As the Reviewer requests, we have now also examined how Spd-2 and Cnn behave in Polo half-dose embryos (Reviewer Figure 2, attached to this letter). As we describe in the Figure legend, this data is informative, but is complicated. With relatively minor, but mechanistically important, tweaks to our previous mathematical modelling we can explain these behaviours, but introducing such a significant mathematical modelling element would be beyond the scope of this paper. As described above, these findings will form the basis of a follow-up paper that is more mathematically oriented.
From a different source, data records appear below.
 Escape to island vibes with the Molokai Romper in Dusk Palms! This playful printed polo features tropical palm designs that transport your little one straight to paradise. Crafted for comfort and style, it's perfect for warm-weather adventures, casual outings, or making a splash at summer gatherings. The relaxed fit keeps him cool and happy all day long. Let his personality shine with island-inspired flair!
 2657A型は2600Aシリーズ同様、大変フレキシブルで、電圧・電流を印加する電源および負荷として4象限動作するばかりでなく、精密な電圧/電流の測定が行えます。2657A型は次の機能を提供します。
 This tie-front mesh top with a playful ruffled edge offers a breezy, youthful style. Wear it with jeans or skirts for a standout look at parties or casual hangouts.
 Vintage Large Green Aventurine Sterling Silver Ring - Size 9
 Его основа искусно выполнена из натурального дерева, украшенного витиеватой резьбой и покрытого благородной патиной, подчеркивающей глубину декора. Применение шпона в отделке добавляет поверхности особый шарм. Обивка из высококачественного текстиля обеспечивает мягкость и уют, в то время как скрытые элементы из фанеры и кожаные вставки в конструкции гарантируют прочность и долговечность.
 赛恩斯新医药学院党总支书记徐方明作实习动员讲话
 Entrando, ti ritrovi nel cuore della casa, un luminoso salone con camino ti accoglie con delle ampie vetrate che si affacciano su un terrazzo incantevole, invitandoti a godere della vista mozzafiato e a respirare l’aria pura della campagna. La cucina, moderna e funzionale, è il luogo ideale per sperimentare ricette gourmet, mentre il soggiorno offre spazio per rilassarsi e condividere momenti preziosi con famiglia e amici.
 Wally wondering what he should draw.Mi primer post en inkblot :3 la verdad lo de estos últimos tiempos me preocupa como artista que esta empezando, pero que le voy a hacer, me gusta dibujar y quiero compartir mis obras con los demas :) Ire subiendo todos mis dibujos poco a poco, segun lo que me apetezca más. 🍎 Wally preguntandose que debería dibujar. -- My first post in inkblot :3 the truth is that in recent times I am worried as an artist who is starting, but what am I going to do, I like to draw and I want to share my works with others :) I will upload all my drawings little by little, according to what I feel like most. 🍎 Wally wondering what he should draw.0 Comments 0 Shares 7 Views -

It is a great idea to look at mutant forms of Spd-2 that cannot be phosphorylated by Polo, but the consensus Polo phosphorylation site (N/D/E-X-S, with the N/D/E at -2 and the S at 0 being preferences, rather than a strict rule) is less well-defined than the consensus Cdk/Cyclin phosphorylation site (where the Pro at -1 is essentially invariant). Thus, we cannot accurately predict which sites would need to be mutated to generate such a mutant.

The Reviewer requests that we analyse the behaviour of TACC in embryos expressing the Spd-2-Cdk20A and Cnn-Cdk6A (as we do in Figure 7 for γ-tubulin). This is a reasonable request, but we prefer not to show this data as we have recently identified an interesting interaction between TACC, Spd-2 and Aurora A that will be the subject of another paper we hope to submit shortly. This data is hard to interpret without explaining these interactions properly, which is beyond the scope of the current manuscript.

We hope the Reviewers will agree that these changes have improved the manuscript substantially, and that it is now suitable for publication. We would like to thank them again for taking the time to read this rather complicated paper so thoroughly.

We look forward to hearing from you.